§ **WHAT IS BEING ASKED**
Return exactly the lines of the records below, starting at the line that contains "(81mm) | 85 Packs |" and ending at the line that contains "The SY26501 is", with both of those lines kept.

*** AVAILABLE DATA ***

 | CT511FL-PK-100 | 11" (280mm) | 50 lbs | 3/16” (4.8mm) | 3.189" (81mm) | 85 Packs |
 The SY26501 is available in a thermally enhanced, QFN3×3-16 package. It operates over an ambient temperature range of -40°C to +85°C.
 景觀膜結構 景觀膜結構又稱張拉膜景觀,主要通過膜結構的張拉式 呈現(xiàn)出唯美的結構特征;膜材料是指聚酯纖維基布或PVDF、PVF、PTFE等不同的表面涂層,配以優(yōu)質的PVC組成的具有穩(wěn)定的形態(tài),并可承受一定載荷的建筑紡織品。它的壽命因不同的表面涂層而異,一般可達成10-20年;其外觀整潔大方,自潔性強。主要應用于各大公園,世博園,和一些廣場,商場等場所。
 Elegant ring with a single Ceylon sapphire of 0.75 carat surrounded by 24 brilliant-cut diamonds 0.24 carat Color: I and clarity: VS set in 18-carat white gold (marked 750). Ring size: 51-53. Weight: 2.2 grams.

***
*** AVAILABLE DATA ***

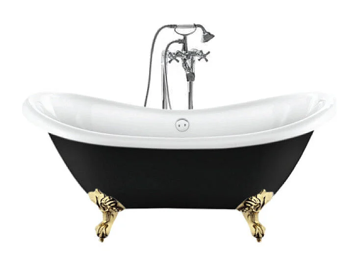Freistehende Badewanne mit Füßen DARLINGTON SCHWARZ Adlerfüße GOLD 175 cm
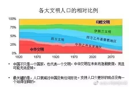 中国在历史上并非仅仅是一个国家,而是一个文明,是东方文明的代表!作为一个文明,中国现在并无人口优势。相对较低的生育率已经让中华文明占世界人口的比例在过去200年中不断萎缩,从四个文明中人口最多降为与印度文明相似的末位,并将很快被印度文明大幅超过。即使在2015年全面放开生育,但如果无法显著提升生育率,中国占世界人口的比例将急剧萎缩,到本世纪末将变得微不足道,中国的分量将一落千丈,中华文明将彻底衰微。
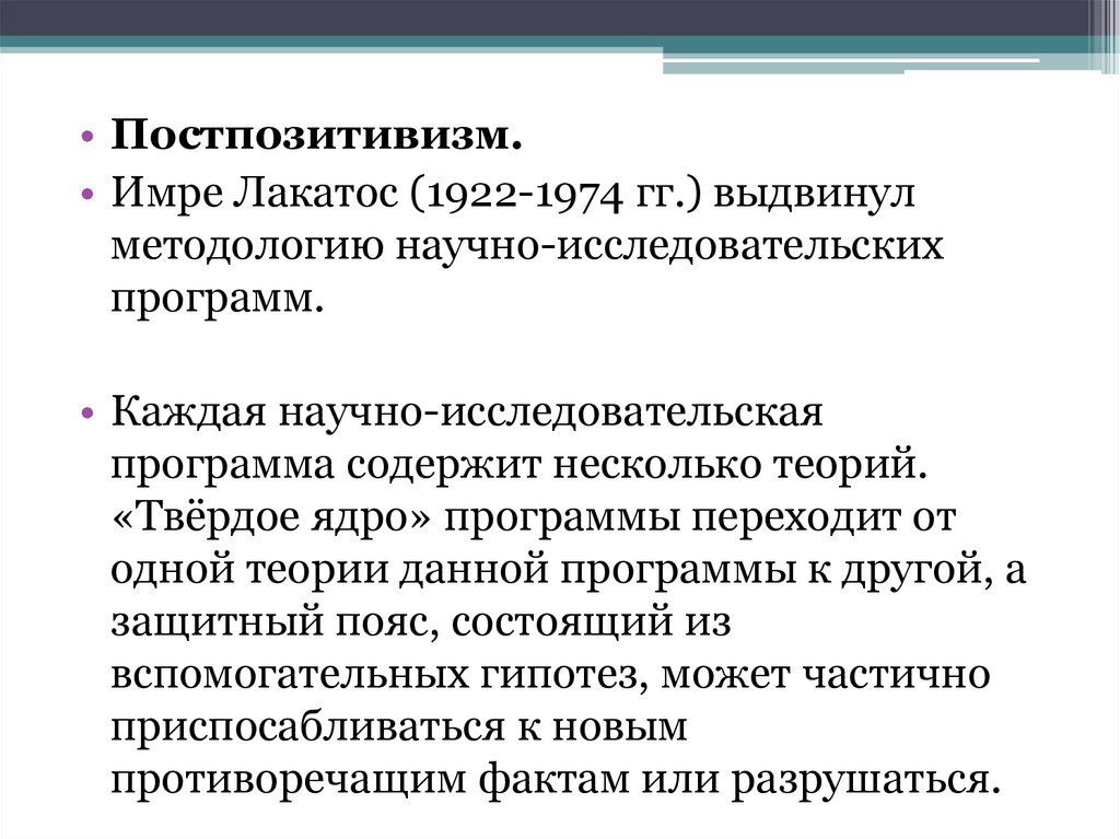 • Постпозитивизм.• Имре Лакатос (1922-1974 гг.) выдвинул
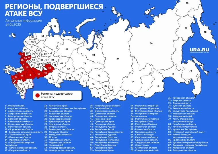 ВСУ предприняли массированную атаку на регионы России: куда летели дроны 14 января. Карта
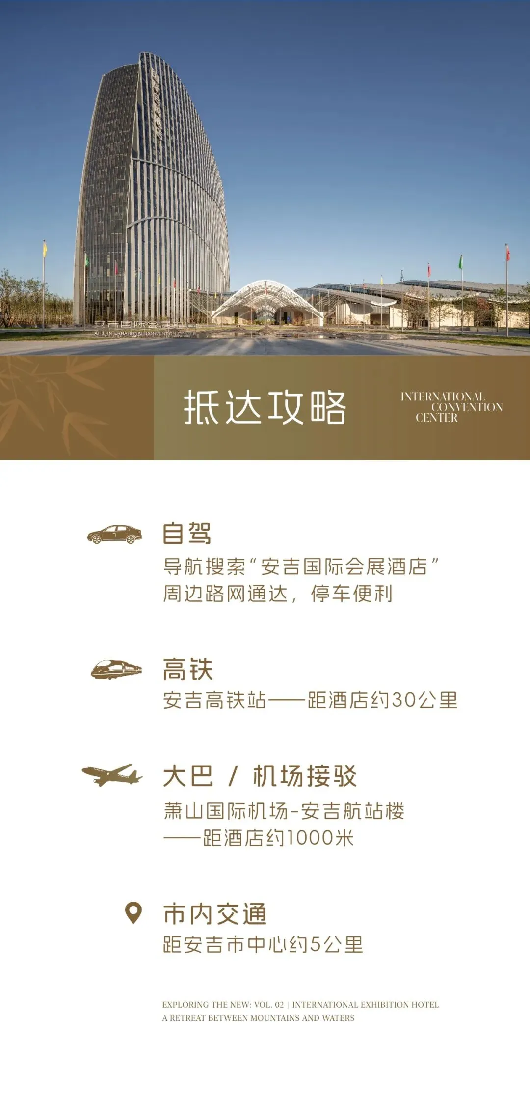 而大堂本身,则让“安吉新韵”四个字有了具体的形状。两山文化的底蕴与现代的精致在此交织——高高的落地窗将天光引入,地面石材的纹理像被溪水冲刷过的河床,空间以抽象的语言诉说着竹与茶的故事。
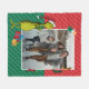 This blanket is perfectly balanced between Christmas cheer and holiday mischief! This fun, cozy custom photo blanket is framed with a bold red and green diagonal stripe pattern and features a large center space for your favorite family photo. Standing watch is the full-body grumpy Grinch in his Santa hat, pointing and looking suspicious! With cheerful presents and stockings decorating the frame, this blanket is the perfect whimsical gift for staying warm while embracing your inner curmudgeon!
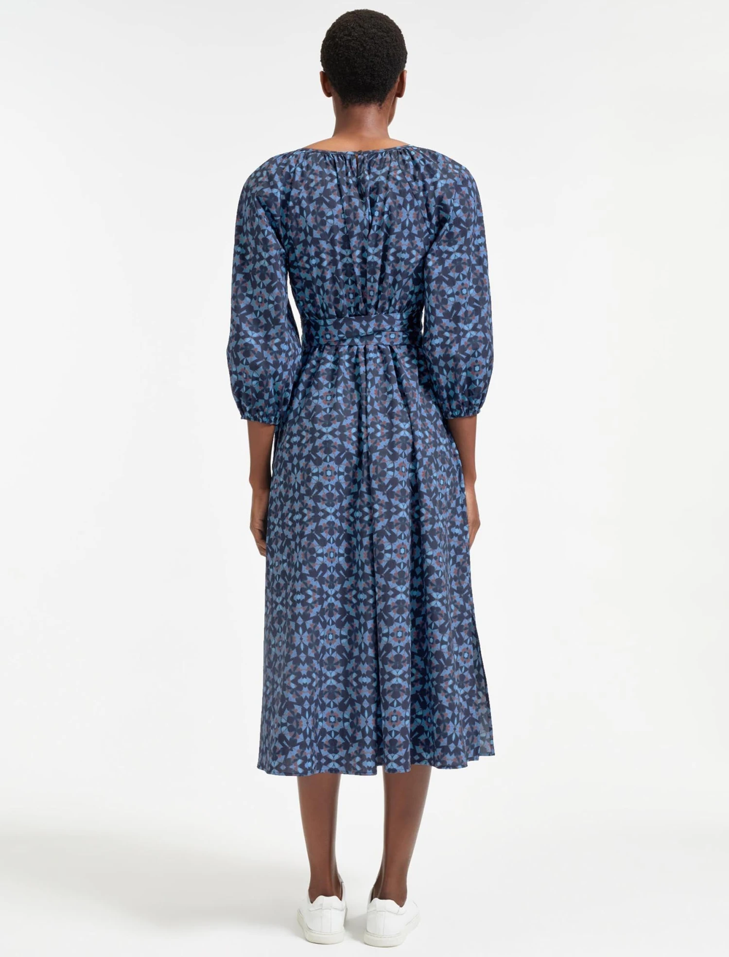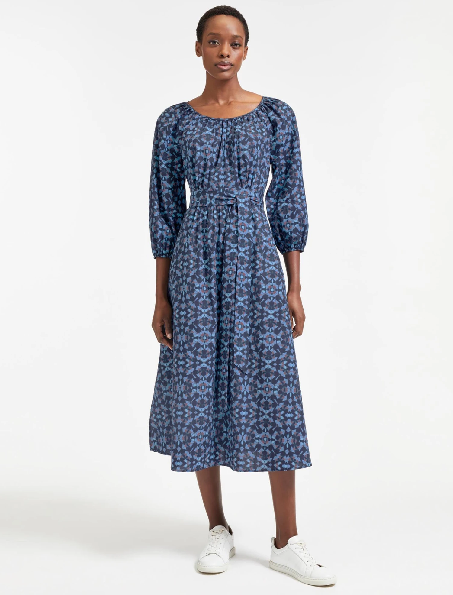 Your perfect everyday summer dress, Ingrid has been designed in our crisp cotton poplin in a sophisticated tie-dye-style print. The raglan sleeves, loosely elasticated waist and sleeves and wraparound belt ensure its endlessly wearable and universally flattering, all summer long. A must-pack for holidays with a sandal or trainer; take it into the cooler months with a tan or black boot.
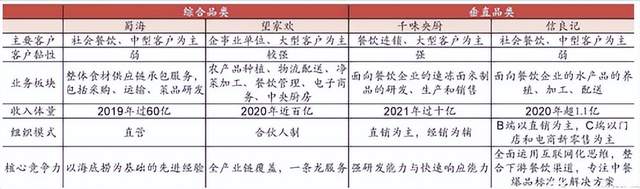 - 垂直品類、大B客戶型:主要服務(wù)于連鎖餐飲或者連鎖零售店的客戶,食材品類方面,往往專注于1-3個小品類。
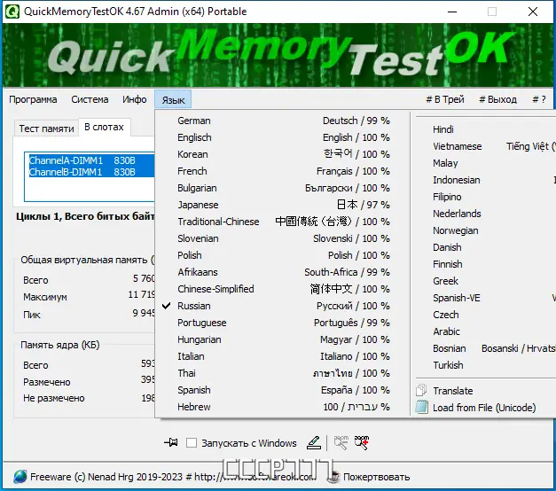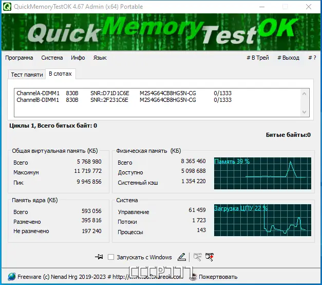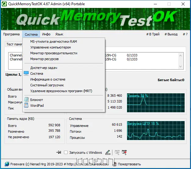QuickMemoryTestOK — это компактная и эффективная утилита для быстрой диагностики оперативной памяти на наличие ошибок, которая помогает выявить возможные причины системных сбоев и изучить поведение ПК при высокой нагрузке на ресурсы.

***

§ **SOLVED EXERCISE**
 | CT511FL-PK-100 | 11" (280mm) | 50 lbs | 3/16” (4.8mm) | 3.189" (81mm) | 85 Packs |
 The SY26501 is available in a thermally enhanced, QFN3×3-16 package. It operates over an ambient temperature range of -40°C to +85°C.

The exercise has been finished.